What a big fat disappointment America is today. An affluent, noisy, moral netherworld. A place where fundamentalist pitchmen in blow-dried coifs and pan-cake makeup plead to fill the moral void, but only add to the noise.

A place where jingoism and mediocrity are lavishly praised. A people bristling with demands about their rights and redress of grievances, but with no thought about their responsibilities. A people who brag of being freer than any other people without knowing anything about other people.

An insatiably-consuming engine of a country whose national dream has been reduced to consuming more of everything without a care for anyone else on the planet. A people without grace who always blame others for what goes wrong.

Americans, roughly 4% of the planet by numbers, gulp down more than half the world's illegal drugs, but in all the strident speeches and in all the poorly-conceived foreign policy measures, it is always the fault of Mexico or Colombia or Vietnam or Panama or the French Connection or someone else out there.

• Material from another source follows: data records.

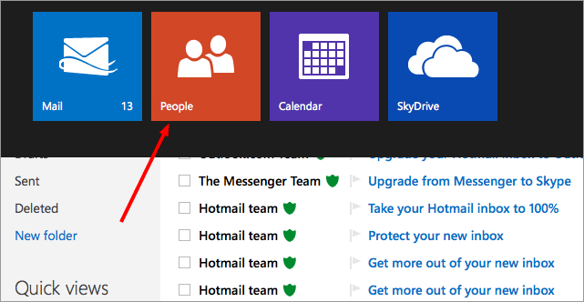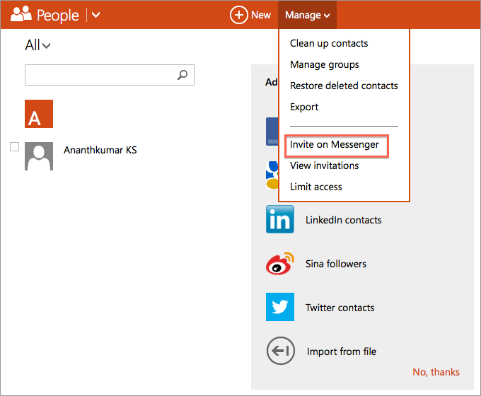 - In your MSN account, use the drop down menu on the top left pane and navigate to People > New.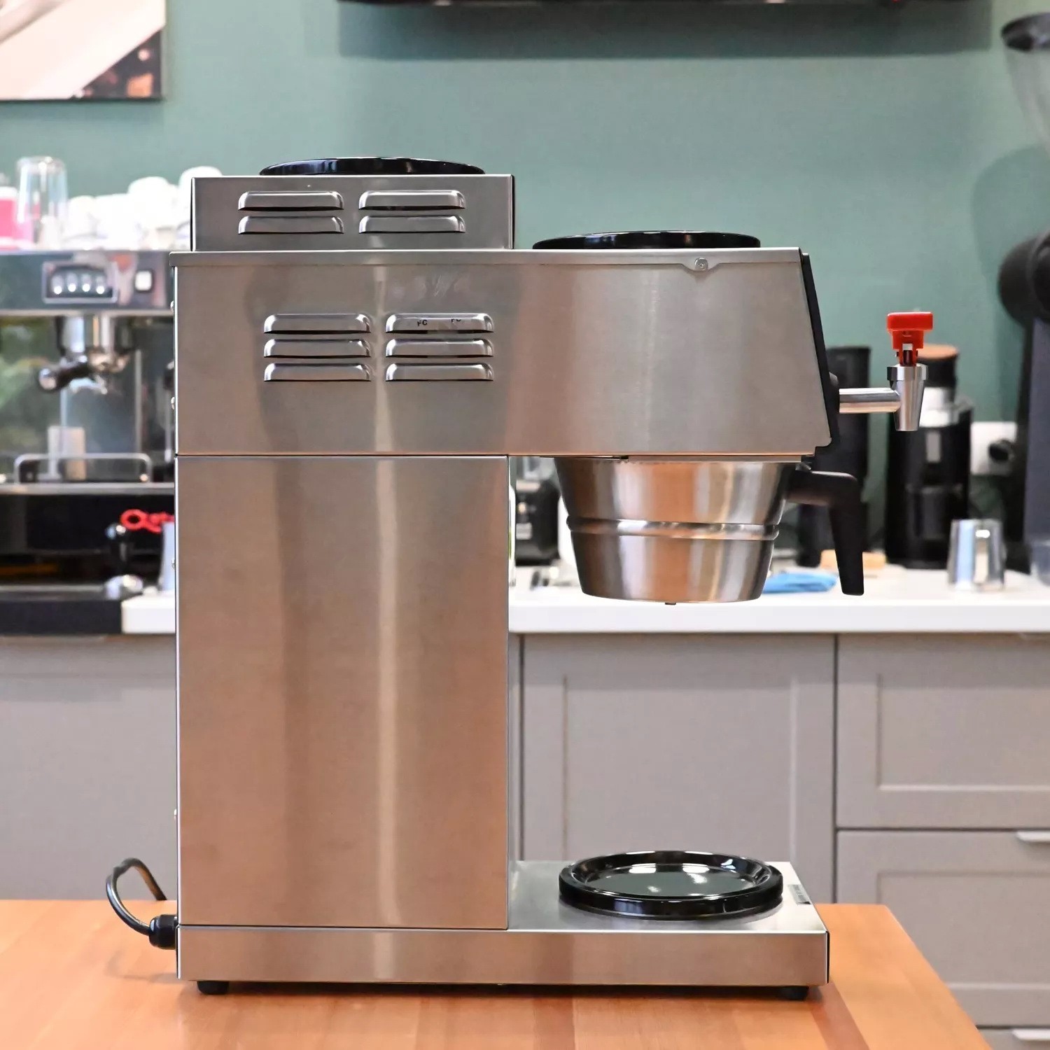 Капельная кофеварка WPM CB-303GT станет отличным дополнением в ресторане, кафе или гостинице, где необходим надёжный источник кофе. Несмотря на то, что температура не регулируется, устройство заваривает кофе при температуре от 88-93 С, что обеспечивая каждый раз насыщенный и стабильный вкус. Эта модель предназначена для интенсивного использования. Кофеварка CB-303GT из нержавеющей стали оснащена 3 подогревателями для чашек, 1 нижним и 2 верхними, так что у вас всегда будет свежий кофе, пока варится следующая порция. Она занимает минимум места на столешнице благодаря компактной ширине. Независимые элементы управления подогревом и завариванием позволяют легко настроить кофеварку в соответствии с вашими потребностями. Переключатели позволяют легко заваривать и подогревать кофе, а индикаторы показывают, когда устройство заваривает или готовится к завариванию.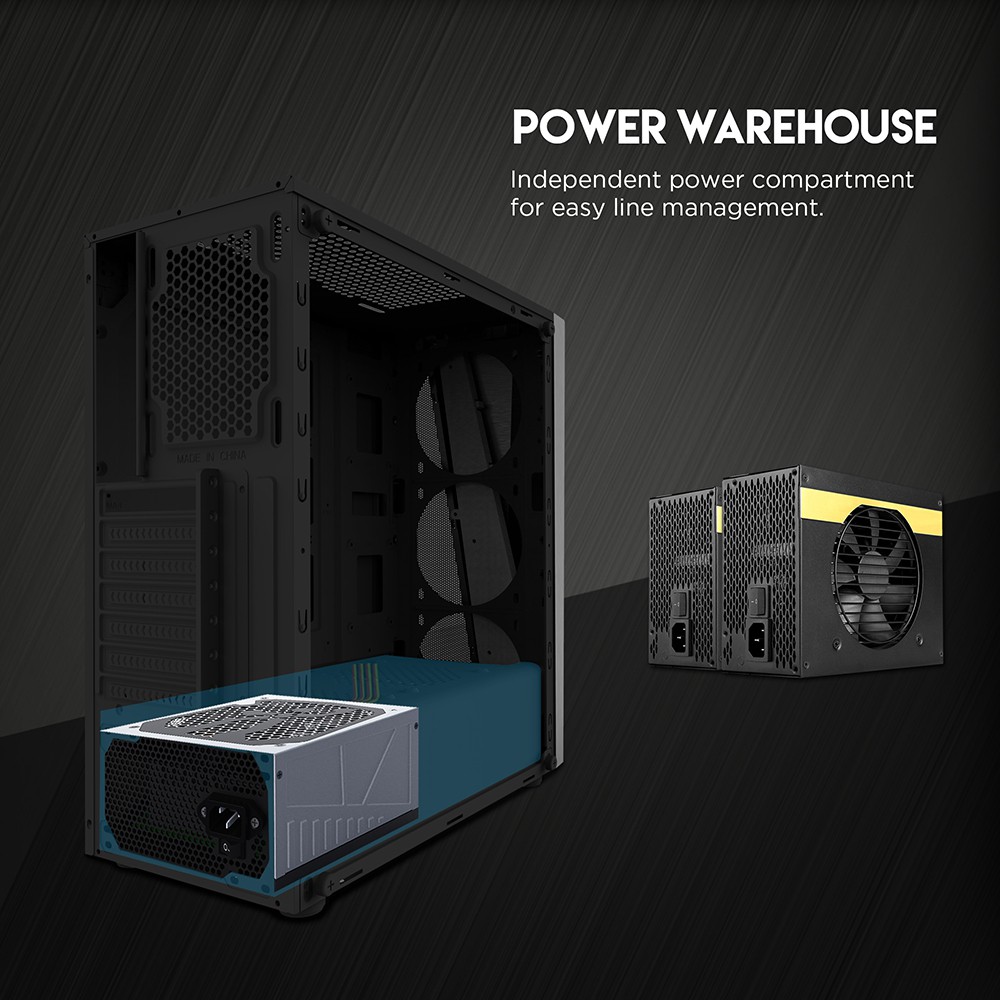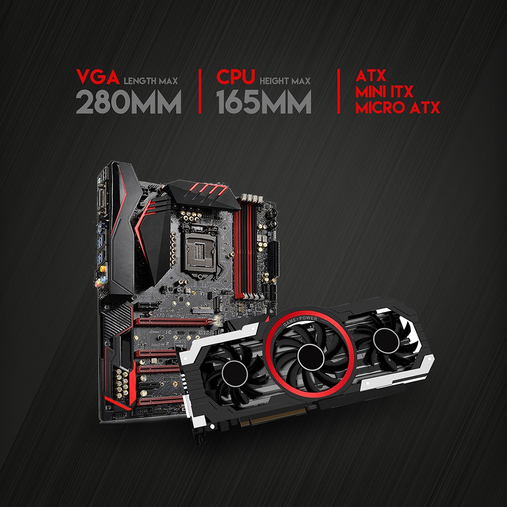 Khả năng tương thích quạt: quạt trước 3x120mm, quạt sau 1x120mm, quạt đáy 2x120mm, quạt trên 2x120mm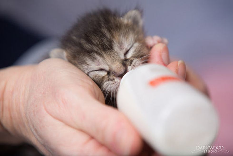 In the interest of not overexerting poor Chaos and her amazing maternal kindness, we moved a few kittens to other foster homes for bottle-feeding. The babies remaining in her care have seamlessly blended into one big family, and the foster family lovingly supplements Chaos’ milk supply with the formula our supporters so generously donated.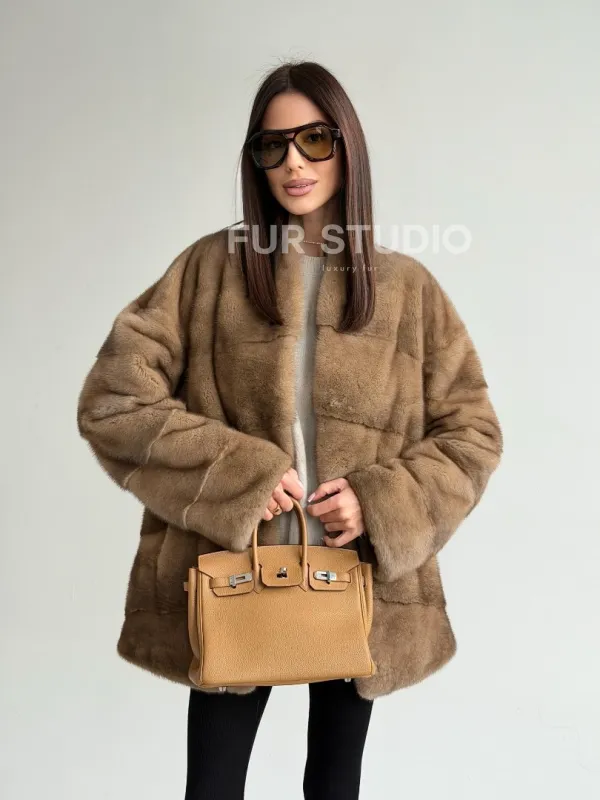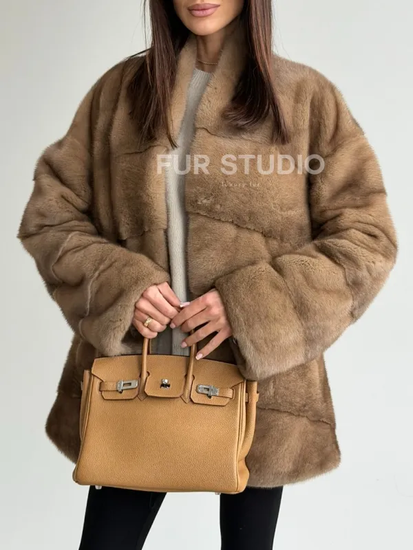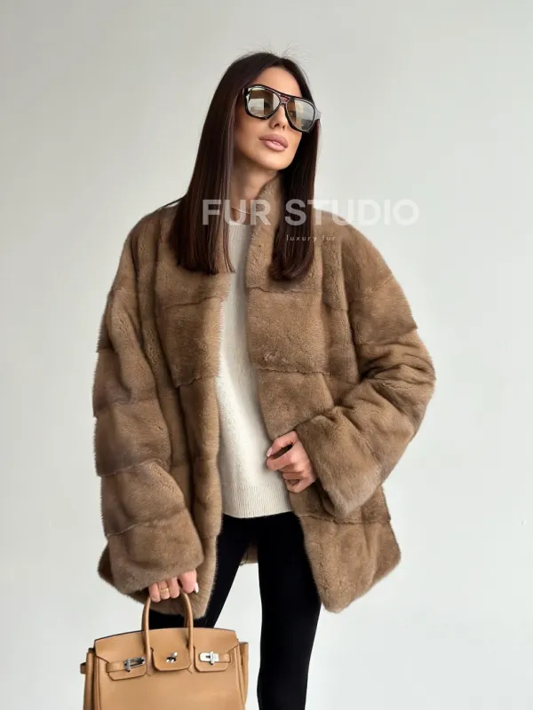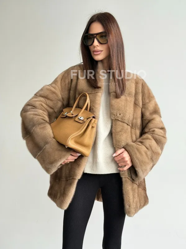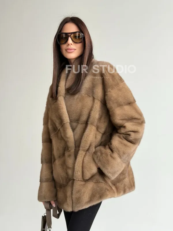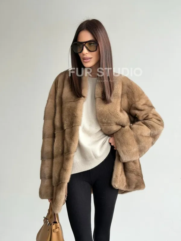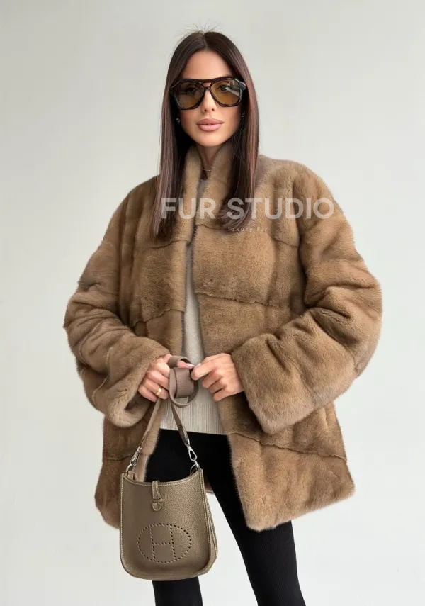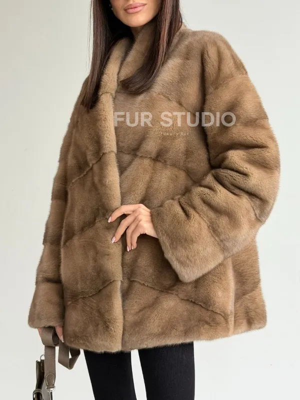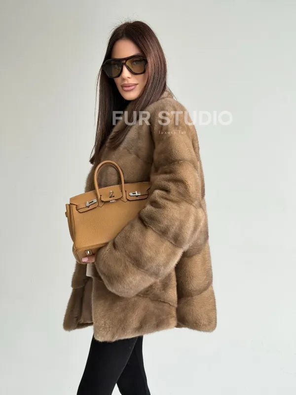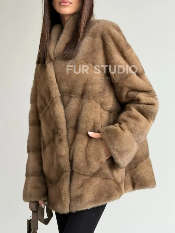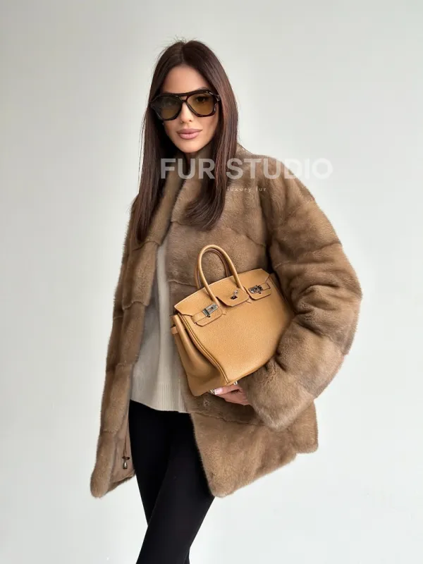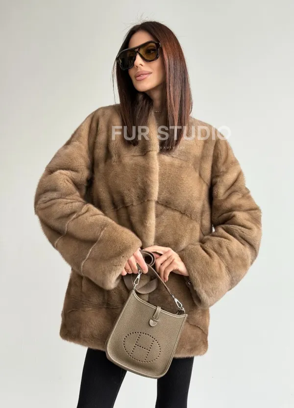 Полушубок пастель мех норка 102750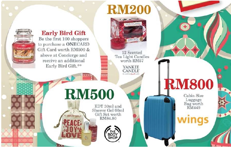 ‘Tis the season for giving’ – Purchase a ONECARD Gift Card valued at either RM200, RM500 or RM800 and receive a free gift at the Customer Service Centres or Concierge. Limited to 5 items per day (jar candle limited to 1 unit), early bird promotion is only applicable for purchases at Concierge, 3rd Floor Highstreet, whilst stocks last.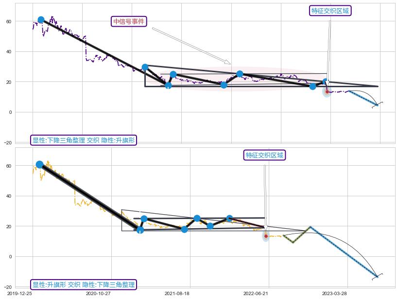 | 3 🅚:升势停顿 ➕ 📐:下降三角整理下行突破支撑位破位, 猜想持续下沉下跌,被突破的支撑位已变为阻力位 ☞ 看空信号 ⇥ 【🅚线】交织【图形】⇥ 综合量化分数: 49 | > |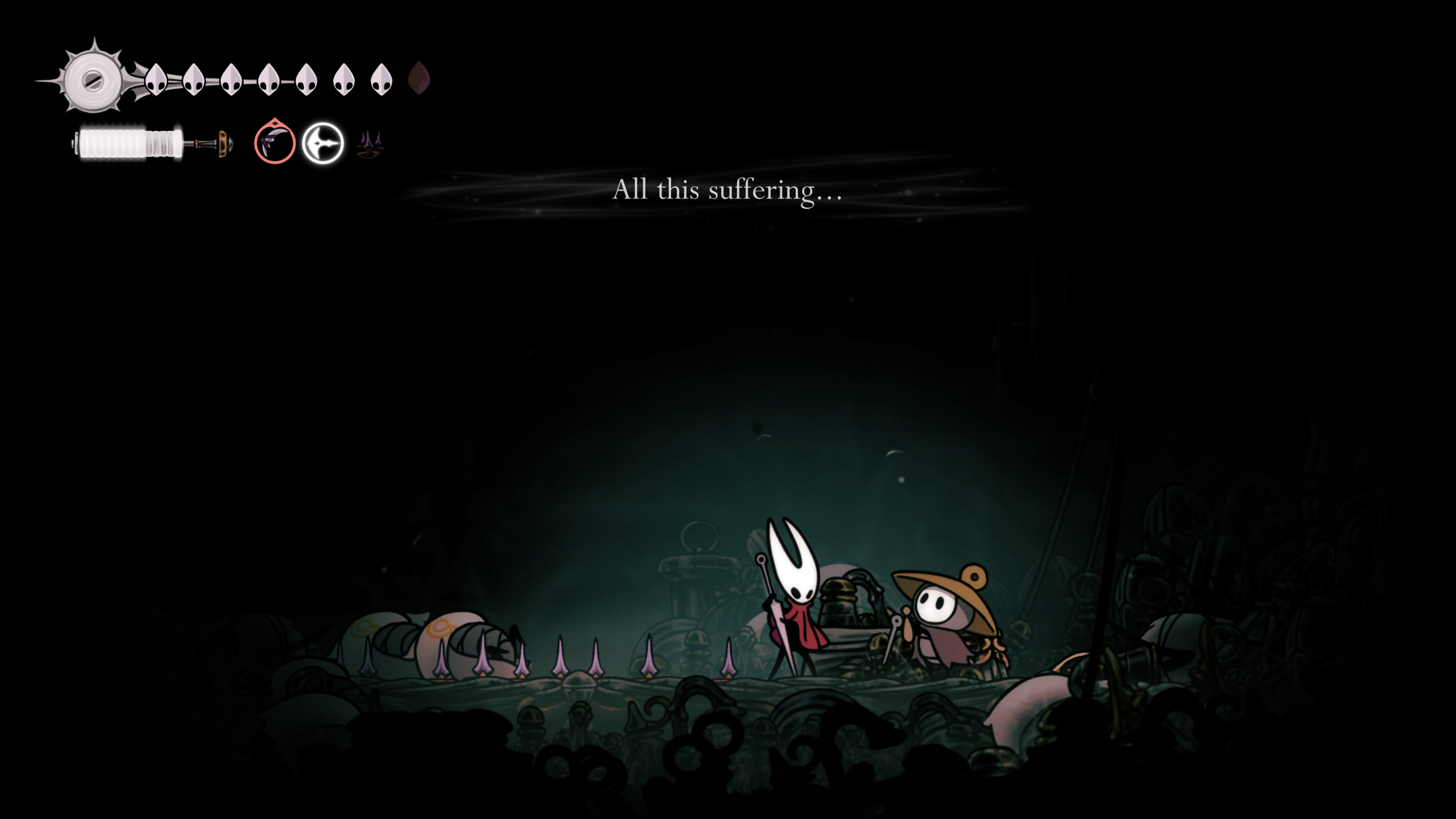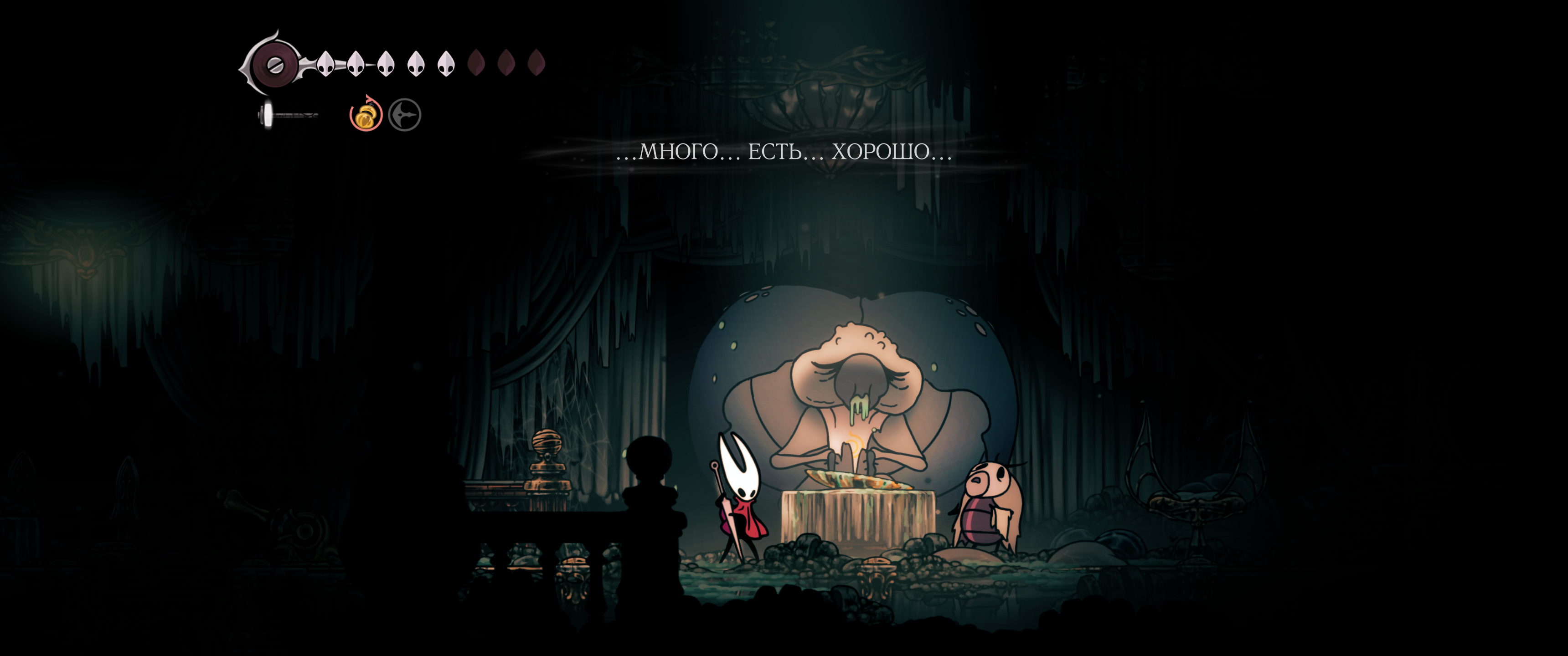 Кроме шуток, у Хорнет большущие проблемы с эмоциональным и социальным интеллектом. Я списывал это на то, что у неё по сути не было нормальной семьи, но скорее всего это у неё от природы, всё-таки какой-то мутный союз ткача и червя, может что-то поломалось. Скорее всего она в принципе не обладает эмпатией и ничего не чувствует во всех этих моментах в игре, где вы бы проронили слезу.

Anyone, that is, but the people who keep gulping and snorting the stuff down, and all the shady American officials who are so clearly necessary to keep the merchandise widely available.

One of history's great moments of insufferable posturing came with the creation of annual "report cards" on how well various nations were doing at controlling drugs, as though these other countries were unreliable children being assessed by their wise Auntie America, the same wise Auntie zonked out on a million pounds of chemicals at any given moment.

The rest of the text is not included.